Top of INFORMATION SHOWN
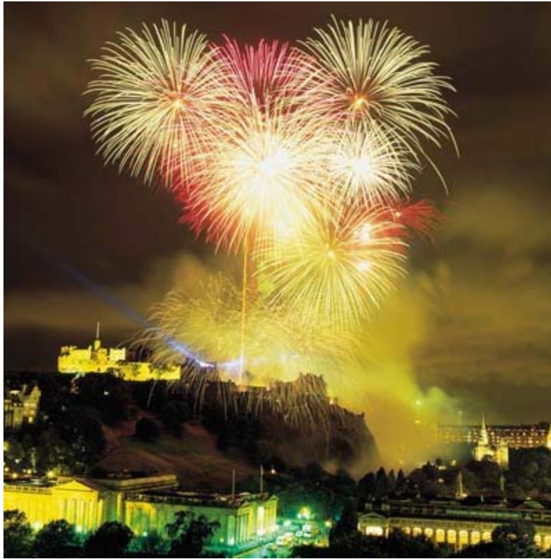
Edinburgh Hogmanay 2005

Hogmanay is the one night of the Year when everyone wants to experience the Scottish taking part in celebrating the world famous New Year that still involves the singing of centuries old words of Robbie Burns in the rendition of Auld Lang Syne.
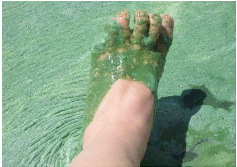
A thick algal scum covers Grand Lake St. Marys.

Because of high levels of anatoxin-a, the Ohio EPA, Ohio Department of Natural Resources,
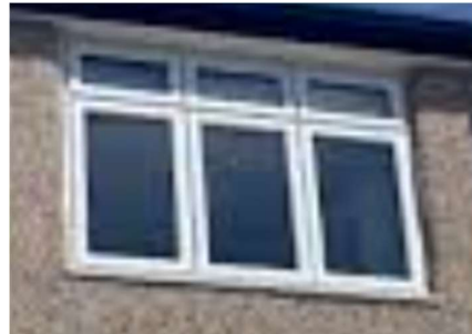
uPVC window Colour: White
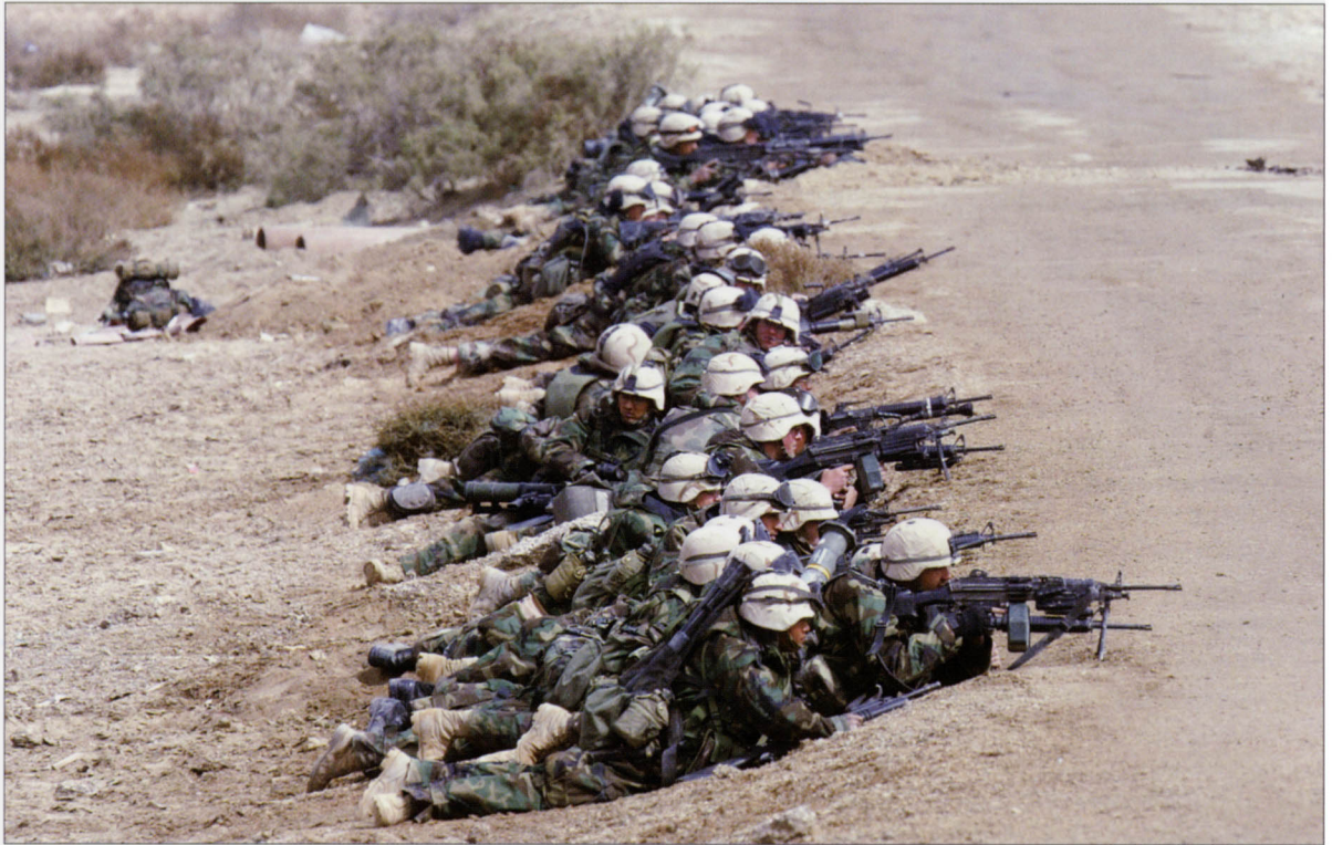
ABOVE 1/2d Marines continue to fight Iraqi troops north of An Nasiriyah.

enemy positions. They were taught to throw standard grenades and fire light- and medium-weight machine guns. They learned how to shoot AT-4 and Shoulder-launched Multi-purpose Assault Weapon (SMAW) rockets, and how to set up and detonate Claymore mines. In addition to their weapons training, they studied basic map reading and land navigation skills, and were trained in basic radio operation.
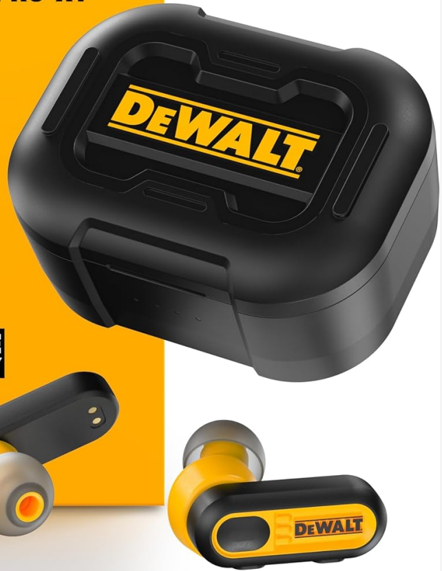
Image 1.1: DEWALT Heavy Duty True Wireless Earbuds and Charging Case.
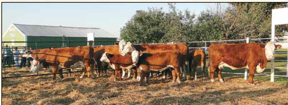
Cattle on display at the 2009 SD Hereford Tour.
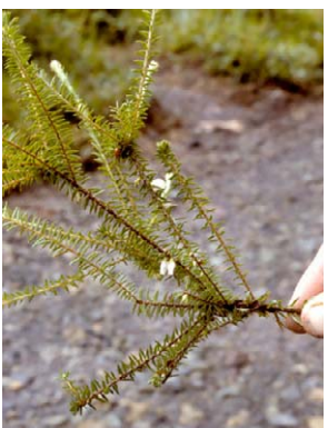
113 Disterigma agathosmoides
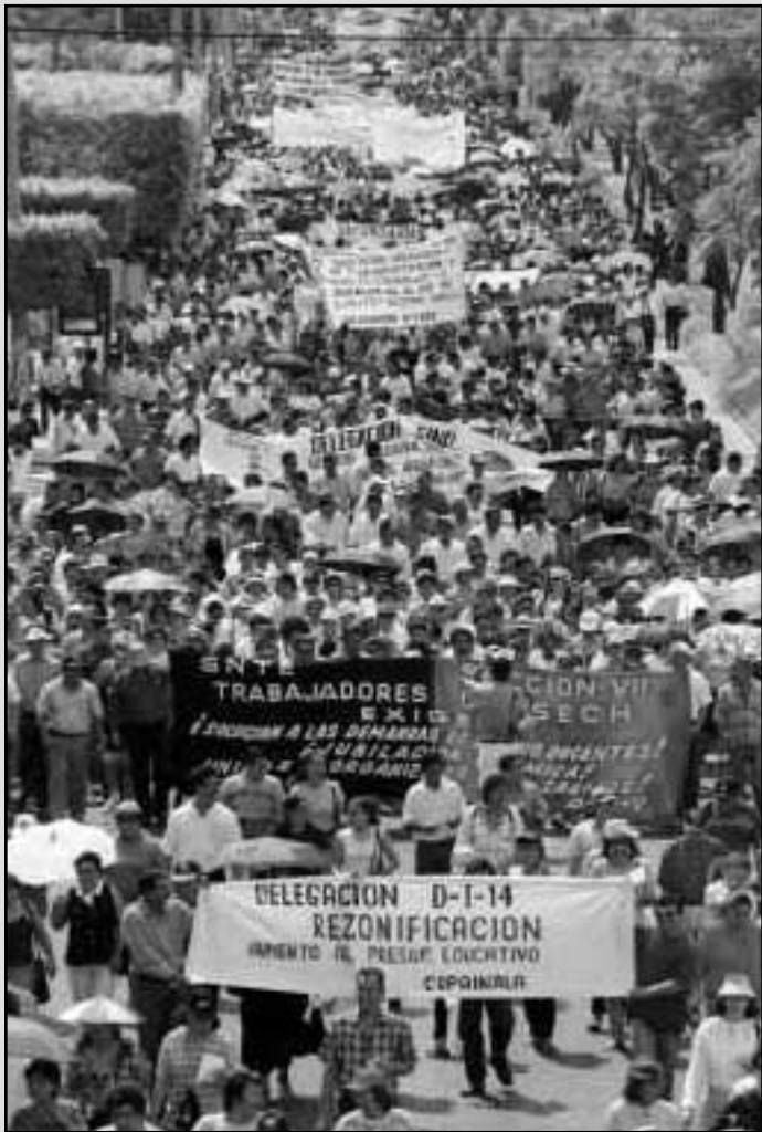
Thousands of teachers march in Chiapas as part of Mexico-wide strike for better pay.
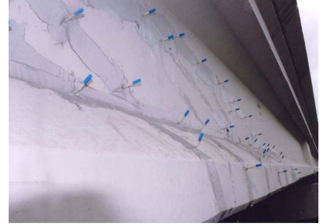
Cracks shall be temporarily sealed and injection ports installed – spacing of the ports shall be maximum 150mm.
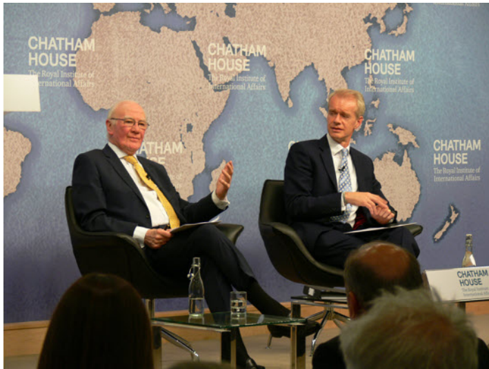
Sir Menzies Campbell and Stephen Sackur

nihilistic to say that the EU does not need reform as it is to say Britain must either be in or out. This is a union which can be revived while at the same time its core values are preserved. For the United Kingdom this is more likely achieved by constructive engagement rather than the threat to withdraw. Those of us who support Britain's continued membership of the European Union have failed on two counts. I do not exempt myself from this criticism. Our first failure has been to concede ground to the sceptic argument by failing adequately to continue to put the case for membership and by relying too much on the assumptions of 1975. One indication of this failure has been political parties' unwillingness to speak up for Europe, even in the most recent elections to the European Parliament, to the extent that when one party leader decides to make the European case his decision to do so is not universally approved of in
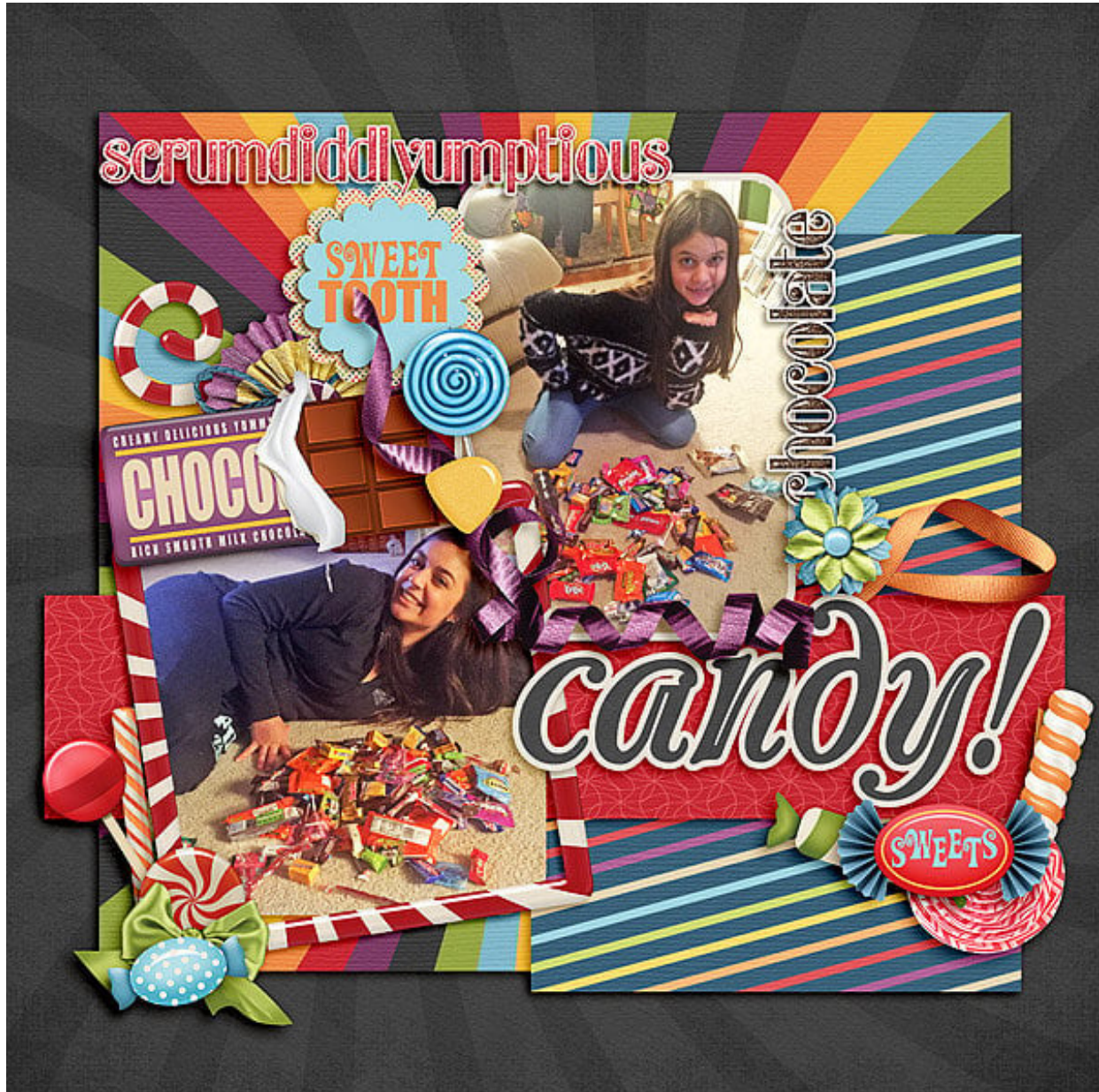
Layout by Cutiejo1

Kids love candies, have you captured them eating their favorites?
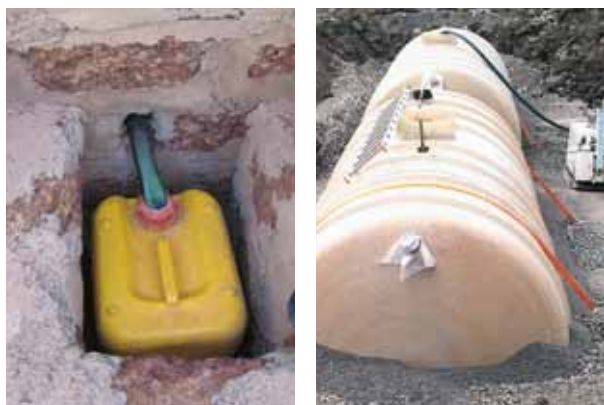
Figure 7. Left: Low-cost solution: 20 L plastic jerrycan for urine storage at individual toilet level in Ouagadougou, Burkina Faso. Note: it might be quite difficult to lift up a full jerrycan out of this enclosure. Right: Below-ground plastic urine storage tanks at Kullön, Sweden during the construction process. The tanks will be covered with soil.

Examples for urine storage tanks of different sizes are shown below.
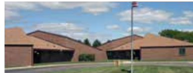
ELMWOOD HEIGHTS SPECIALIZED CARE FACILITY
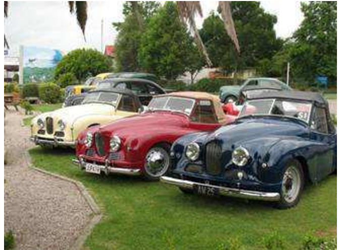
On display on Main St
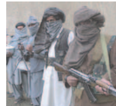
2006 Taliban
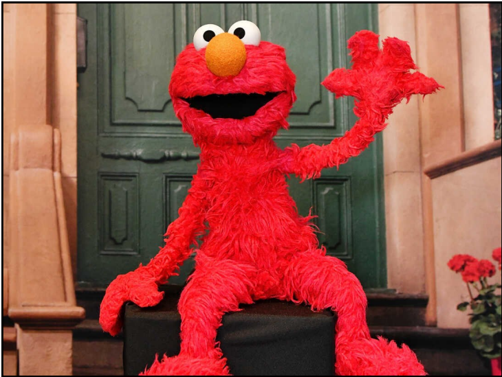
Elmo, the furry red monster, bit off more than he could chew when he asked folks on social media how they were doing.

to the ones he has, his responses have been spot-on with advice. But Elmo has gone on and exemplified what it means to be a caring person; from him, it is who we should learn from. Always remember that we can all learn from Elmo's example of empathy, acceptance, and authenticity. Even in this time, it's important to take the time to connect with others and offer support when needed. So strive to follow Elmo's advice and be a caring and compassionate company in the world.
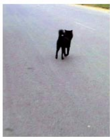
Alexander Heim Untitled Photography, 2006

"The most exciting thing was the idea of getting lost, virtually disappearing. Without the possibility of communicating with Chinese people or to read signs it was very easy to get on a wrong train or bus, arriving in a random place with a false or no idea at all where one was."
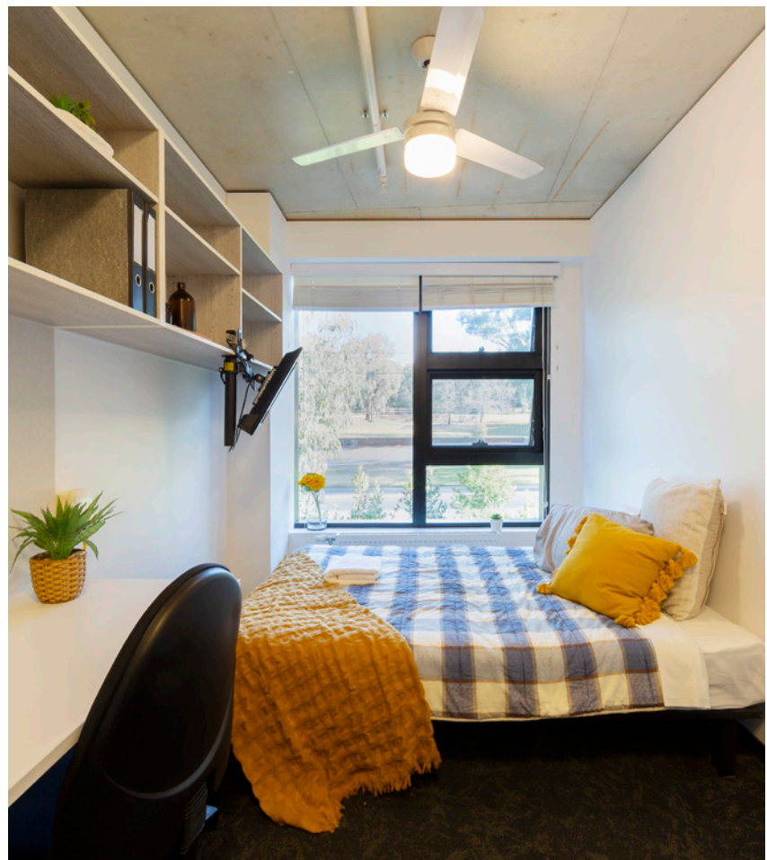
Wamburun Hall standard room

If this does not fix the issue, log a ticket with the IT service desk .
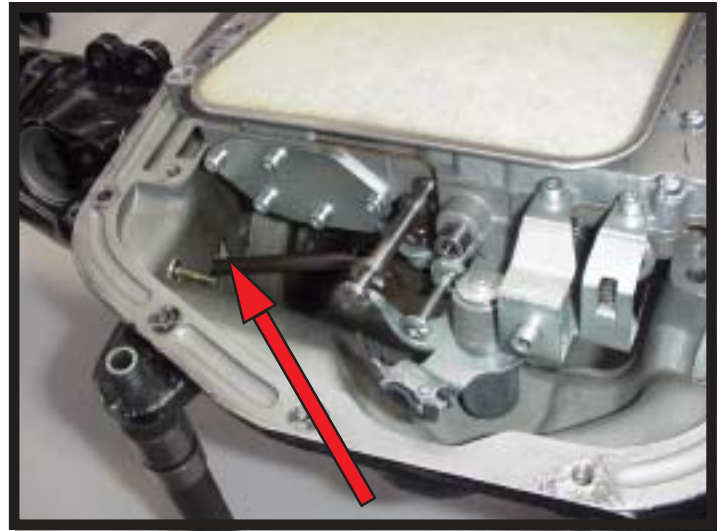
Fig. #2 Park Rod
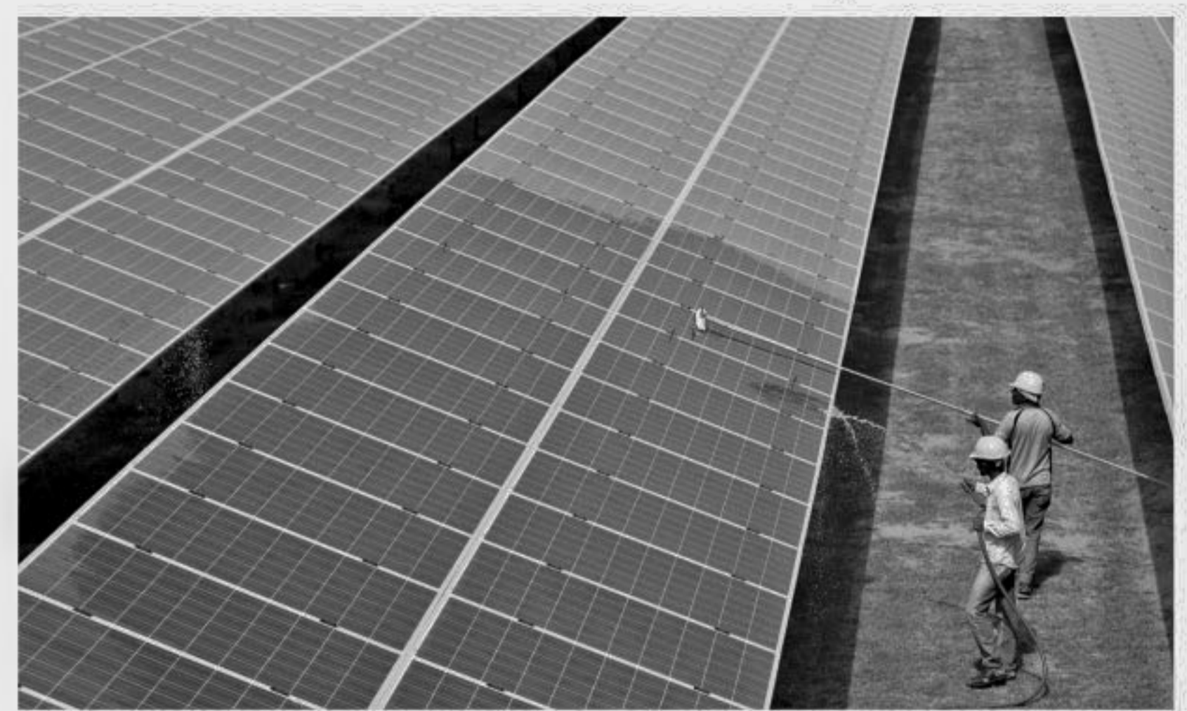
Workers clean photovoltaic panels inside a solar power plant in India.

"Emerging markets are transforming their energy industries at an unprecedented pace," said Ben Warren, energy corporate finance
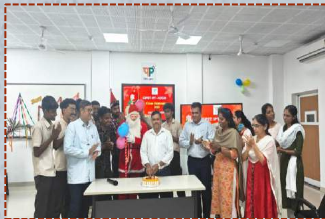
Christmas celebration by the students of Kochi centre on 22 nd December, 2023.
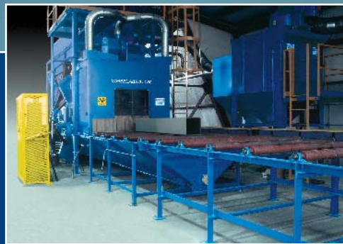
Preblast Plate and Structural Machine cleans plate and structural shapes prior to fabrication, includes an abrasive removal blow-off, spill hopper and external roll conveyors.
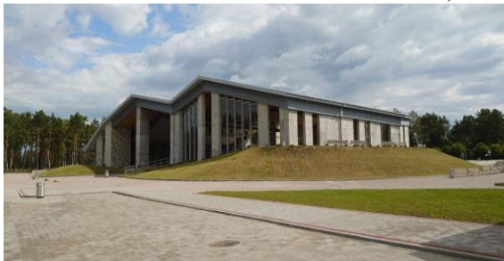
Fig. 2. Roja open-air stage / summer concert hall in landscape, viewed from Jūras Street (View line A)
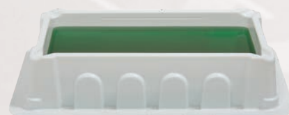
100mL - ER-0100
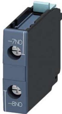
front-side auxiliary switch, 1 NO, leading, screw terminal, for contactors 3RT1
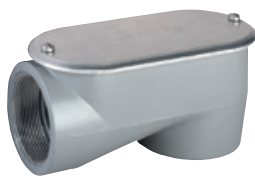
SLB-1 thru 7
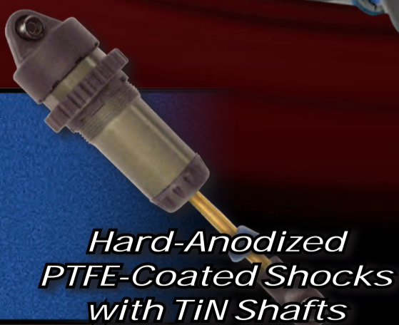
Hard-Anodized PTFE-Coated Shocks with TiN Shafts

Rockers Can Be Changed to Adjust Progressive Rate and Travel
Bottom of INFORMATION SHOWN
Copy only what runs above from the line containing "2006 Taliban" through the line containing "Elmo, the furry", exactly. Leave out the pictures.

# RESPONSE BOX
2006 Taliban
Elmo, the furry red monster, bit off more than he could chew when he asked folks on social media how they were doing.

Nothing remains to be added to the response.